Village at the heart of the race for longitude
Neil Hall/EPA/ShutterstockHis inventions shaped the world as we know it – and famously made Del Boy rich.
Carpenter and clock-maker John Harrison died 250 years ago in March 1776, on his 83rd birthday.
He is known today for the marine chronometer, a device that solved the age-old problem of calculating longitude – how far east or west a ship is – while at sea.
It helped to transform navigation and led to safer and faster voyages across the oceans.
And for a generation of TV viewers, Harrison's work was the device that finally made the Trotters millionaires in Only Fools and Horses, when Del and Rodney sold one of his long-lost timepieces at auction, in the 1996 episode Time on Our Hands.
In Barrow-on-Humber, North Lincolnshire, a statue of Harrison stands in the marketplace, near the remains of the wall of his workshop. Nearby, a real ale pub is, predictably, called Harrison's.
The latest tribute to the village's most famous son is a plaque at the railway station, which commemorates his life and work.
It was unveiled on Tuesday by Howard Boyd, a sculptor and Harrison enthusiast who lives locally.

"I was absolutely fascinated by this man," Boyd tells the Secret Lincolnshire podcast. "He was quite a metallurgist.
"An absolute, an utter genius."
The 18th-Century search for ways to calculate longitude at sea captivated the nation.
The complex conundrum baffled scientists as they attempted to accurately measure exact points east and west from a fixed meridian line.
For decades from 1714, experts and enthusiasts submitted their ideas to the Board of Longitude in the hope of winning a £20,000 prize - worth about £3.5m in today's money.
The son of a carpenter, Harrison was born in Nostell, near Wakefield, in 1693. His family moved to Barrow when he was a small boy.

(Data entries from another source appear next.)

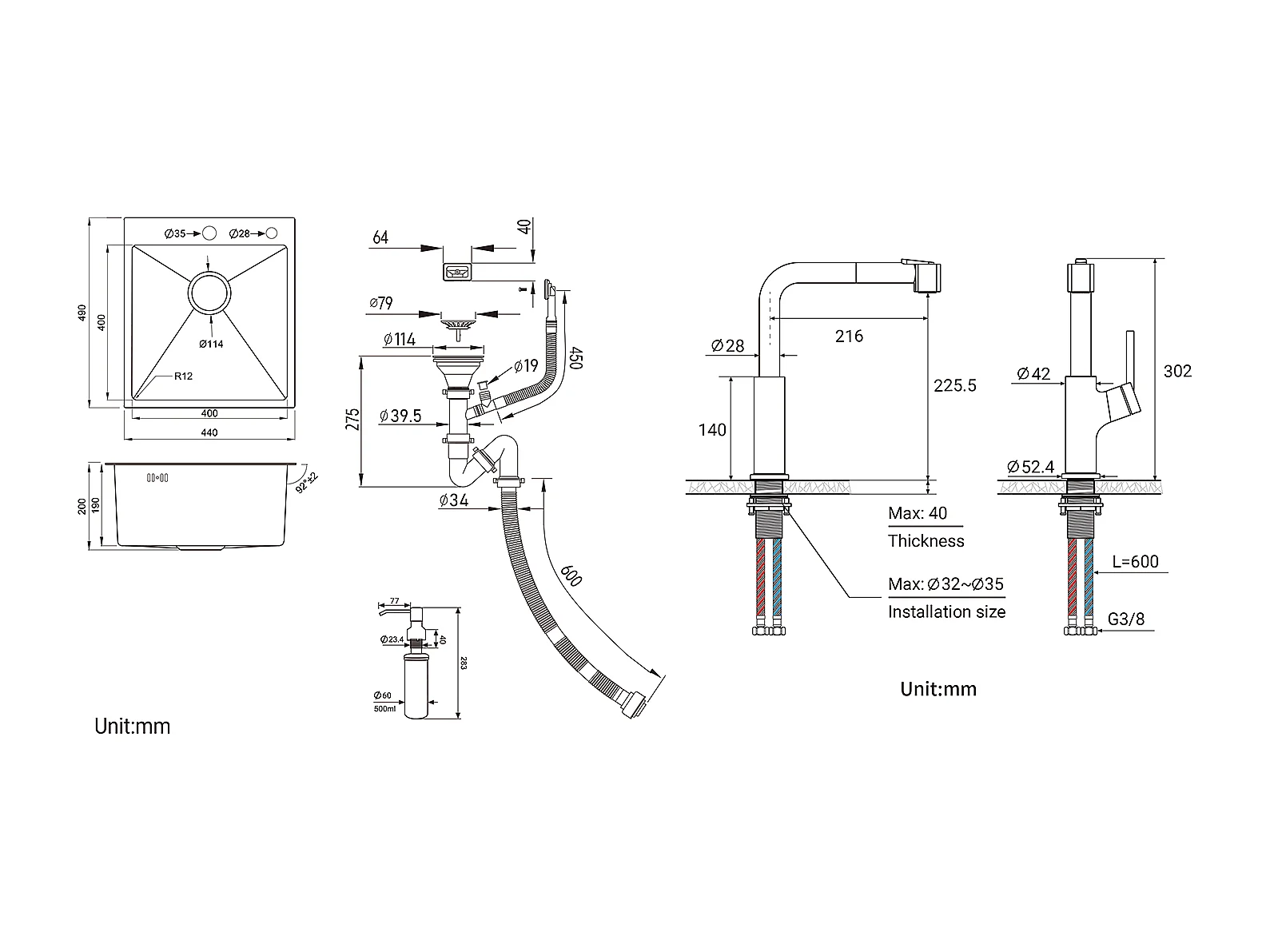 1-Beutel Silber Küchenspüle, 44*49*20 CM, mit Seifenspender, Edelstahl + 360° drehbarer ausziehbarer Edelstahl Küchenarmatur
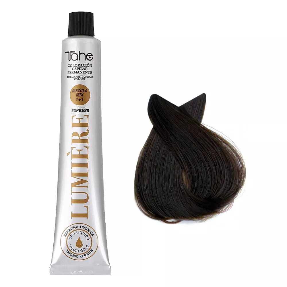 Tahe Lumiere Express to profesjonalna farba do włosów, która łączy w sobie moc keratyny i olejku arganowego, by dostarczyć trwałego, lśniącego koloru, jakiego zawsze pragnęłaś. Dzięki zaawansowanej technologii z tri-jonową keratyną, farba głęboko wnika w strukturę włosa, zapewniając ochronę i regenerację podczas procesu koloryzacji.
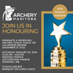 ![]() Join us in recognizing the Archery Manitoba athletes, coaches, and volunteers who have made an impact in 2023. The event will be hosted at the Masonic Memorial Centre in Winnipeg, Manitoba, located at 420 Corydon Avenue on Saturday, January 20. Tickets are $35 per person and include lunch. Doors at 12:00 PM Lunch at 1:00… |
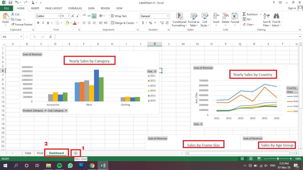 2. Tambahkan sheet baru dengan mengikuti langkah di bawah, dan namakan sheet baru tersebut dengan nama Dashboard. Pindahkan diagram-diagram ke sheet Dashboard kemudian beri judul.
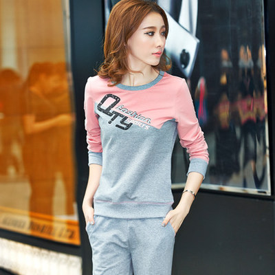 天貓購物商城運動套裝女春秋款2016女士圓領運動服長袖大碼韓版休閑衛衣運動裝 - 37017610151
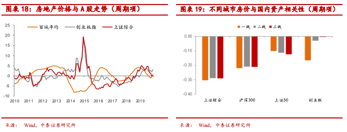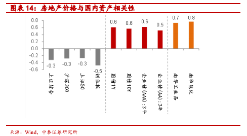 从市场表现看:房价下跌周期中,债券>股票>工业品,房价上升周期中,工业品>债券>股票。在历次房价下跌中,利率普遍下跌,工业品普遍收跌。相反,在房价持续上涨期间,工业品表现亮眼,股票市场整体相对低迷。值得关注的是2015年之后一线城市房价与利率的负相关性愈发明显。
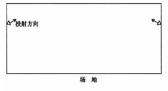 (2) 兩側(cè)布置 燈具布置在場(chǎng)地兩側(cè),光束非垂直于場(chǎng)地平面的布置方式。

He spent his early years creating clocks entirely from wood. Later, Harrison realised that the solution to calculating longitude was creating a reliable clock that could keep the time of a reference place, such as Greenwich, and provide an accurate local time.

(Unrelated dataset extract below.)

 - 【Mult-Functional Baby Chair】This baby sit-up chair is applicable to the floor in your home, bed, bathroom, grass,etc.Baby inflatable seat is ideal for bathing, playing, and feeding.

He created his first marine timekeeper, the H1, in 1735 and it was tested in the Humber Estuary off Barrow Haven. By 1759, he had developed the watch that won the Longitude prize.
But despite his genius, Harrison was known as a difficult character to deal with, Boyd says.
"He was a bit of a rascal, you know, he was an irascible man.
"He was very awkward in his dealings with the Board of Longitude. He had no patience with them at all and he said as he thought, which didn't go down very well."

Fortunately, his son, William, took over negotiations with the board.
"He was awarded half the prize," Boyd explains. "The other half was withheld."
It wasn't until William appealed to the king, himself a keen amateur clock-maker, that Harrison received the rest of the prize.
Incredibly, Harrison is not only credited with the life-saving marine chronometer.
While developing the watch in Barrow, he needed to find a way for its workings to be unaffected by variations in temperature and for it to function on board a constantly moving ship. That meant inventing the bimetallic strip, which is now used in hundreds of devices, including thermostats, fire safety devices and the humble kettle.
Harrison is also credited with inventing the caged roller bearing for his "sea watch", which has gone on to become an important element in modern machinery.

So what would the modern world make of Harrison, a man who did so much to create it?
"Well, he's a very crabby old fellow," says Boyd, 81. "I mean, cranky, I'm getting that way myself.
"Where would he have been? He would have been into technology and everything else, but his precision and his draftsmanship were incredible, it's perfect for his time."
And given what he invented, what would the world be like without him?
"Where would the Industrial Revolution be without those inventions?
"We owe him a lot and, in my opinion, he ought to be on a plinth in Trafalgar Square."